Each team member will have a local copy of the repository on their own computer (or in the lab)

The owner can give online access, and each other team member can type

git clone ...

Summary

Each team member's workflow should be:

git pull       get any changes from the others
...            do a small amount of work
git status
git add ...
git commit -am "..."
git push

Try to make the amount of work so small that nobody else has pushed any changes by the time you do

Cooperation

If only one member of the team makes changes at once, and then pushes them to the shared repository, then everything is fine

But what happens if you are ready to commit your changes, and you find that another member has committed changes in the meantime?

Then your changes are based on an out-of-date version of the shared repository

What to do

Suppose that your push fails because someone else has pushed in the meantime

The first thing to try is another git pull

Then git will try to merge the changes you are pulling with your own changes

If it succeeds, it may put you into the vi editor to edit a message (as if you had done git commit without the -m option)

Type :q to exit vi

What if it doesn't work

If the simple attempt at a merge fails, what do you do then?
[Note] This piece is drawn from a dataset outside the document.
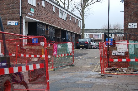 And because these roads are quite narrow, the excavation works have caused immense problems for residents. Earlier in January, we learned that Islington’s refuse trucks could not back into the streets because of the works. Instead of sorting out an alternative way to remove the refuse, the contractors just left the garbage in the bins. After a couple of weeks things got out of hand with great piles of bin sacks piled up on the estate. We got a special delivery sorted out using smaller collection vehicles and a special gang of collectors. But looking at the current round of excavations, it looks like Rydston Close is going to experience problems again this week. So, we’ve alerted the Council’s streetscene managers to keep an eye on things.

You consult tutorials, find out more about merging, rebasing (an alternative which is probably better for simple situations) and resolving conflicts

Submission zips

For a multi-file project, you may want to zip up the project directory in order to submit it on SAFE

The trouble is, if you do that directly, the zip file will contain your repository in .git containing the entire history of the project

That's bad, so instead type this:

git archive master -o project.zip

Now the zip file just contains the current snapshot